The production of spherical, membranous vesicles from microbial cell surfaces is conserved among organisms from all three branches of the tree of life, spanning both prokaryotes and eukaryotes: Gram-negative and Gram-positive bacteria (16, 47, 58, 73), archaea (17, 18), fungi (3, 6567), and parasites (82, 83). For consistency in this review, we will refer to bacterial and archaeal structures as membrane vesicles (MVs) and fungal and parasitic vesicles as either exosomes or shedding microvesicles (two distinct populations referred to collectively as microvesicles [55]). The microscopic observation of microbial MVs spans more than 50 years, and numerous functions have been attributed to these extracellular vesicles by many investigators. The release of vesicles provides flexibility to respond to environmental cues, secrete components destined for the cell surface, virulence factors, and antigens, and interact with the host in the case of pathogens. Because MV release is conserved across many organisms, MV-mediated functions are likely to be critical to microbial life.

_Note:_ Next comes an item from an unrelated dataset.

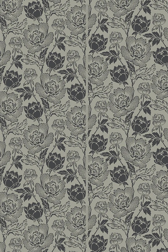 Peony is a classic english floral pattern drawn from 19th century pure silk woven jacquards. Based on the ornamental Peony flower, this sumptuous and curvaceous design brings contemporary glamour to a traditional and romantic floral print. Full roll width is 53cm/21″, roll length is 10m/11yds, pattern repeat is 62.8cm/24 3/4″. Available in nine colourways.
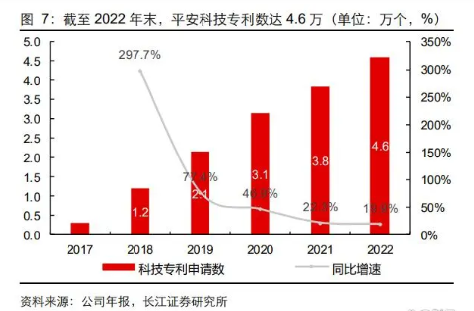 中国平安,人工智能专利数位居全球第一。根据中国平安年报披露,截至 2022 年末, 中国平安科技专利申请数 46077 项,位居国际金融机构前列;其中发明专利申请数占比 近 95%,PCT 及境外专利申请数累计达 9335 项。公司在人工智能、金融科技和数字医 疗业务领域的专利申请数排名均为全球第一位。2020 年,平安在人工智能方面同时获 得 SQuAD2.0 及 GLUE 两大赛事国际第一1。

Both bacterial MVs and archaeal MVs are derived from the cell surface (Fig. 1A and 2A). Early observation of Gram-negative bacterial MVs revealed the release of an antigenic complex of lipopolysaccharide (LPS) and lipoprotein into the surrounding medium following amino acid deprivation of an Escherichia coli lysine auxotroph (40), which was initially proposed to be derived from the LPS-containing outer membrane (OM) of the bacteria (29). Since these early investigations, many groups have developed methodologies to isolate and analyze bacterial MVs. Although reconciling these differences in experimental design often makes it difficult to draw generalized conclusions, it is well accepted that Gram-negative bacterial MVs range from 10 to 300 nm in diameter and contain OM and periplasmic constituents, including proteins, lipoproteins, phospholipids, and LPS (43, 58). The contents of the inner membrane (IM) and cytoplasm were generally thought to be excluded from MVs, although recent analyses of the bacterial MV proteome suggest that some proteins typically annotated as having cytoplasmic localization consistently appear in MVs (15, 45, 92, 94). In addition to bacterial membrane proteins, toxins and signaling molecules can be incorporated into the membrane or lumen of the MV; MV release then serves as a secretion mechanism (42, 54, 95). Although Gram-negative bacterial MVs have been most rigorously studied, recent observation of Gram-positive MV release has demonstrated that this is a function more widely conserved across all bacteria. MVs derived from Gram-positive bacteria, such as Bacillus spp., are similarly sized (50 to 150 nm in diameter [47, 73]) and are rich in membrane lipids as well as toxins (including the anthrax toxin).
Fig 1
Fig 1 MV production by Bacteria. (A) Gram-negative bacteria release surface-derived membrane vesicles (MVs) at division septa and along the length of the cell body. (B) Upper panel: proteins harboring domains that link the outer membrane (OM) to the peptidoglycan layer (PG) minimize MV release along the cell body; temporary disruption of these OM-PG interactions results in MV release. Membrane-active antibiotics (such as gentamicin) and signaling molecules (such as pqs) interact with the membrane surface to induce MV release. Lower panel: transmission electron micrograph (TEM) of wild-type S. Typhimurium with inset showing small MV release along the cell body. (Reprinted from reference 15 with permission of the publisher, John Wiley and Sons.) (C) Upper panel: at the constricted division septum, temporary dissociation of OM-PG-IM protein complexes spanning the OM and inner membrane (IM) occurs, facilitating the release of a large MV before completing cell division. Lower panel: TEM of wild-type S. Typhimurium releasing a septal MV. (Reprinted from reference 15 with permission of the publisher, John Wiley and Sons.)
Fig 2
Fig 2 MV production by Archaea. (A) Archaea release MVs that are derived from the cell surface, similar to the process in Bacteria. (B) This process is facilitated through the coordinated action of ESCRT-III homologue proteins (yellow), conserved in archaeal and eukaryotic life. ESCRT-III homologues, known for membrane scission capabilities, are directed to surround the site of nascent MV formation and induce the outward protrusion of the membrane, including the archaeal S-layer. (C) Vps4 homologue ATPases then catalyze the disassembly of ESCRT-III homologues, and MV release occurs.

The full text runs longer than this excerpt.